In order to compute ${\gamma^*}$, the agent must know ${P_X}$ (the distribution of ${X}$) and the observation model ${P_{Z|X}}$ that relates the observed signal ${Z}$ to the unobserved state ${X}$. In other words, the agent must have a probabilistic model, embodied in the joint distribution ${P = P_{X,Z}}$ of ${X}$ and ${Z}$.

All of this is standard fare in the realm of Bayesian rationality. But now let’s suppose that the agent treats the model ${P}$ only as an approximation that was adopted for reasons of computational tractability, limited knowledge, etc. What should the agent do in this situation? Sargent’s proposal, inspired by ideas from robust control and game theory, is this: instead of simply optimizing the decision procedure to the “nominal” model ${P}$ (which may, after all, prove to be inaccurate), the agent should hedge his bets and allow for the fact that the “true” model (which we will denote by ${Q}$) may differ from the nominal model ${P}$, but the difference is bounded. While there are many ways of quantifying this model uncertainty, Sargent has opted for the divergence bound ${D(Q \| P) \le R}$. The parameter ${R > 0}$ is chosen by the agent and reflects his degree of confidence in ${P}$: the smaller this ${R}$, the more the agent will tend to trust his model-building skills. With the problem framed in this way, the natural strategy is the minimax one: if we define, for any distribution ${Q}$ of ${(X,Z)}$ and for any strategy ${\gamma : {\mathsf Z} \rightarrow {\mathsf U}}$, the expected cost

$\displaystyle J(Q,\gamma) = {\mathbb E}_Q[c(X,\gamma(Z))],$

then the agent should solve the optimization problem

$\displaystyle J^*(R) = \inf_\gamma \sup_{Q : D(Q \| P) \le R} J(Q,\gamma). \ \ \ \ \ (1)$

The idea here is that the resulting strategy will be robust against some amount of model uncertainty, as determined by the magnitude of ${R}$. We can also envision a malicious adversary, who tries to thwart the agent’s objective by choosing the worst possible joint distribution ${Q}$ of the state and the signal, subject to the divergence constraint ${D(Q \| P) \le R}$. Thus, we can view the quantity ${J^*(R)}$ defined in (1) as the upper value of a zero-sum game between the agent and the adversary.
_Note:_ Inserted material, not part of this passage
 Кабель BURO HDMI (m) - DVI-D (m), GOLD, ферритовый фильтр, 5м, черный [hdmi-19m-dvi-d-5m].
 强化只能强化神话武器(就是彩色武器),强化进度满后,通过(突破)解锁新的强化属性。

The agent’s moves are the strategies ${\gamma}$ (so that mixed strategies would involve additional randomization on the agent’s part), while the adversary’s moves are the distributions ${Q}$ in the “divergence ball” of radius ${R}$ around the nominal distribution ${P}$.
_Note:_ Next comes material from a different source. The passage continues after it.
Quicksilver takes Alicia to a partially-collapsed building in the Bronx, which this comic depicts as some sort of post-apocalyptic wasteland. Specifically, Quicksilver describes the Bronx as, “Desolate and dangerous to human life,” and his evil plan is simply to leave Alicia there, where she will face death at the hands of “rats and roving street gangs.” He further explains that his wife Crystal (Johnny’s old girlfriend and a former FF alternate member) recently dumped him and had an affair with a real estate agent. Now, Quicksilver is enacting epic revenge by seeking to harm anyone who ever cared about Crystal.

Now let’s see what we can say about the optimal strategy in (1). We start by examining the inner maximization for a fixed ${\gamma}$. If we introduce a Lagrange multiplier ${\lambda \ge 0}$ for the constraint ${D(Q \| P) \le R}$, then it can be shown that strong duality holds, so

$\displaystyle \begin{array}{rcl} \sup_{Q : D(Q \| P) \le R} J(Q,\gamma) &=& \sup_Q \inf_{\lambda \ge 0}\left[ J(Q,\gamma) - \lambda(D(Q\|P)-R)\right] \\ &=& \inf_{\lambda \ge 0} \sup_Q \left[ J(Q,\gamma) - \lambda(D(Q\|P)-R)\right], \end{array}$

where now the supremum is over all probability distributions for ${X}$ and ${Z}$. We will now show that, for a fixed ${\lambda}$, we can compute the supremum over ${Q}$ in closed form. To that end, we will need the following result, known as the Donsker-Varadhan formula:

Lemma 1 (Donsker-Varadhan) For any probability measure ${\mu}$ on some space ${{\mathsf W}}$ and any measurable function ${f : {\mathsf W} \rightarrow {\mathbb R}}$ such that ${{\mathbb E}_\mu[e^f] < \infty}$,

$\displaystyle \sup_{\nu}\left\{ {\mathbb E}_\nu[f] - D(\nu \| \mu)\right\} = \log {\mathbb E}_\mu[e^f]. \ \ \ \ \ (2)$

Remark 1 This result is so fundamental and so simple that it has been rediscovered multiple times (e.g., by the machine learning community).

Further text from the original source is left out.